▶ [PROBLEM DETAILS] What needs reproducing is the run of lines in the data below starting at the line with "Universal Compatibility: VIOY" and ending at the line with "Shorts d'été homme", both ends included. Copy it exactly, without pictures, and add nothing.

▶ [THE INPUT]
·····
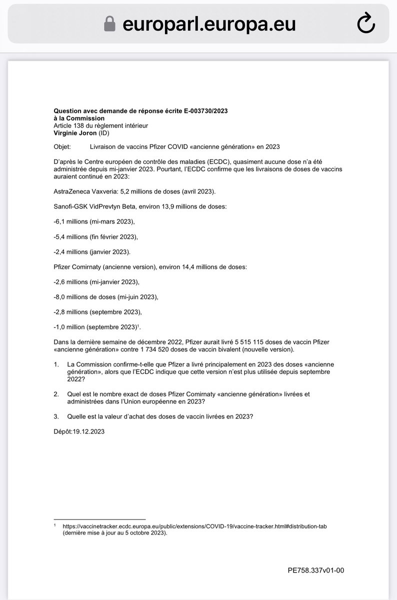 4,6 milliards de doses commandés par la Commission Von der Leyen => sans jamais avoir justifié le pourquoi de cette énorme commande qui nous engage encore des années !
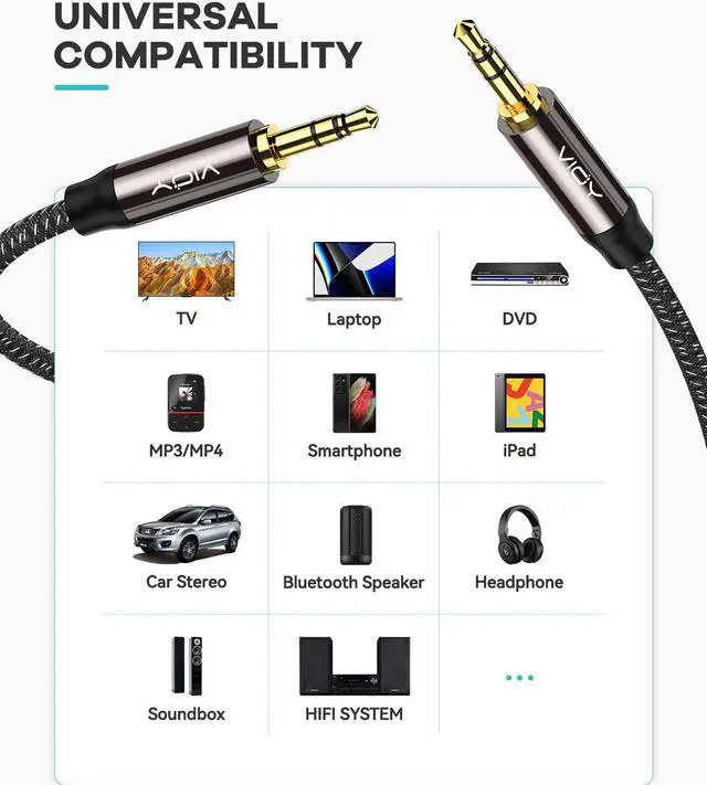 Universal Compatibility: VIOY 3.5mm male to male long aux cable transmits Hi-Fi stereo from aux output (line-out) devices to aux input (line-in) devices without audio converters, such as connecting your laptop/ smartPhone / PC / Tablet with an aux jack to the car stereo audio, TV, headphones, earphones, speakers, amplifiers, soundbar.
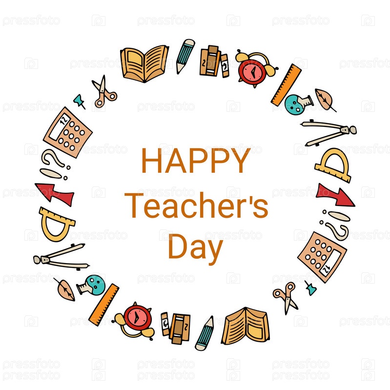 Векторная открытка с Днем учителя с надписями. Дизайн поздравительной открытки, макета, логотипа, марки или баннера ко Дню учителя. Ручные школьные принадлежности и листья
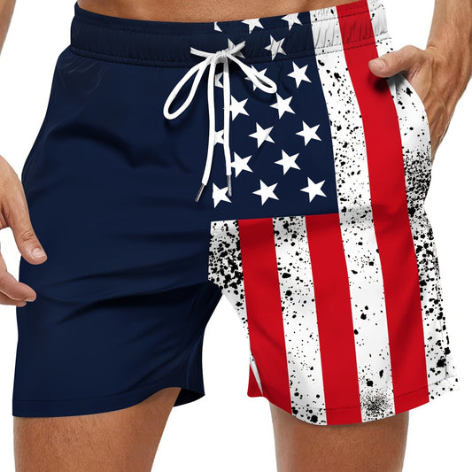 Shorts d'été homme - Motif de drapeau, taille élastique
·····
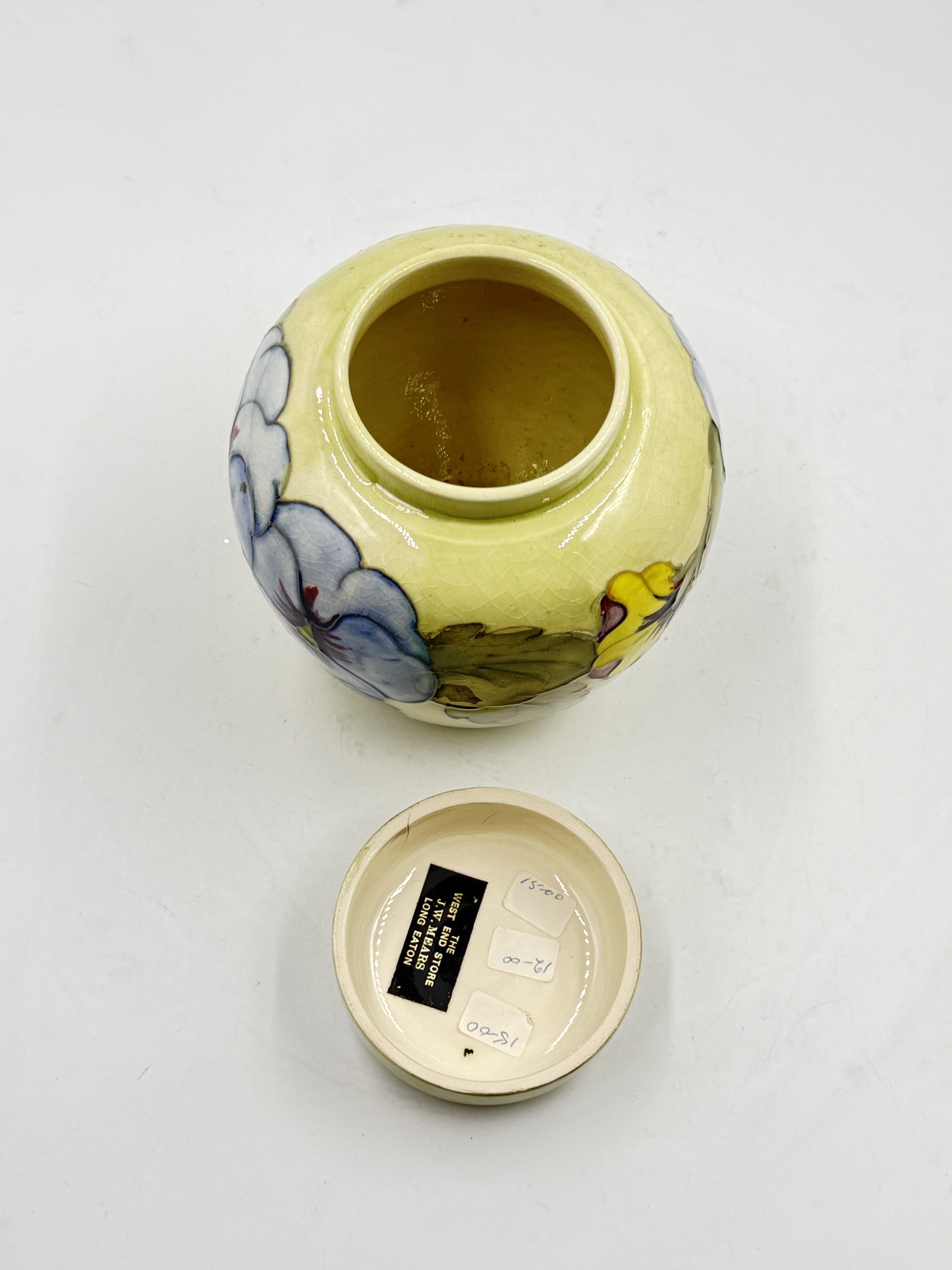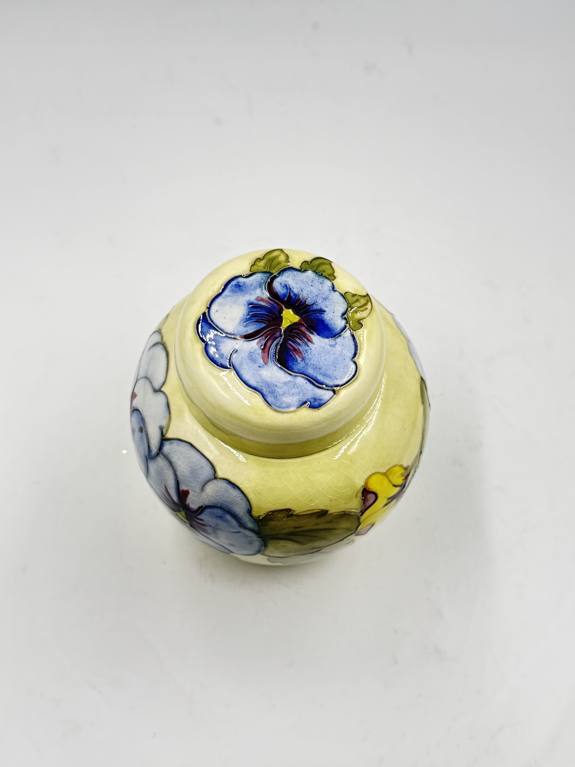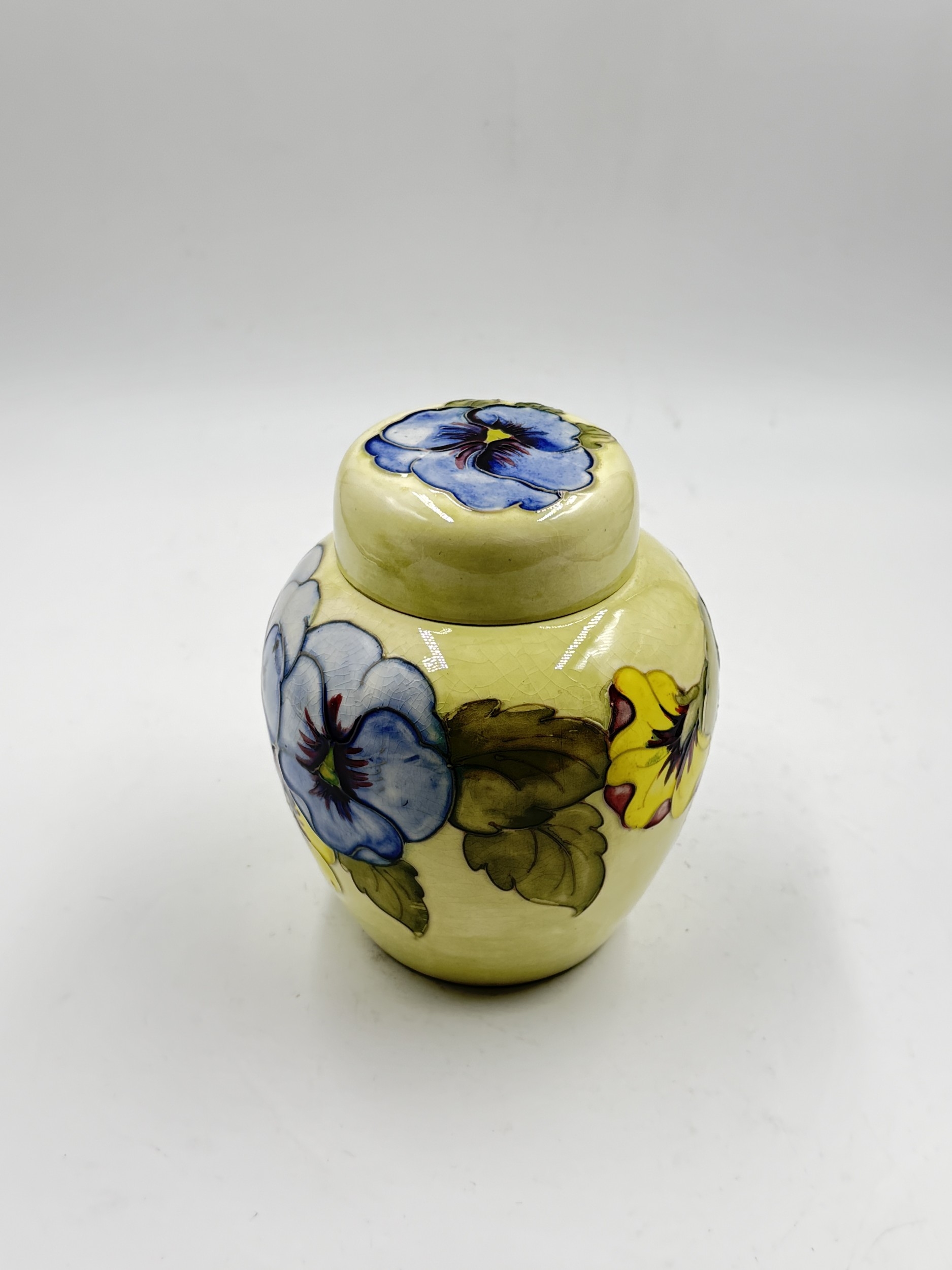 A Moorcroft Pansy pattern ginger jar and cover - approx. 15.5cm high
·····
▶ [ANSWER TO THIS PROBLEM]
 Universal Compatibility: VIOY 3.5mm male to male long aux cable transmits Hi-Fi stereo from aux output (line-out) devices to aux input (line-in) devices without audio converters, such as connecting your laptop/ smartPhone / PC / Tablet with an aux jack to the car stereo audio, TV, headphones, earphones, speakers, amplifiers, soundbar.
 Векторная открытка с Днем учителя с надписями. Дизайн поздравительной открытки, макета, логотипа, марки или баннера ко Дню учителя. Ручные школьные принадлежности и листья
 Shorts d'été homme - Motif de drapeau, taille élastique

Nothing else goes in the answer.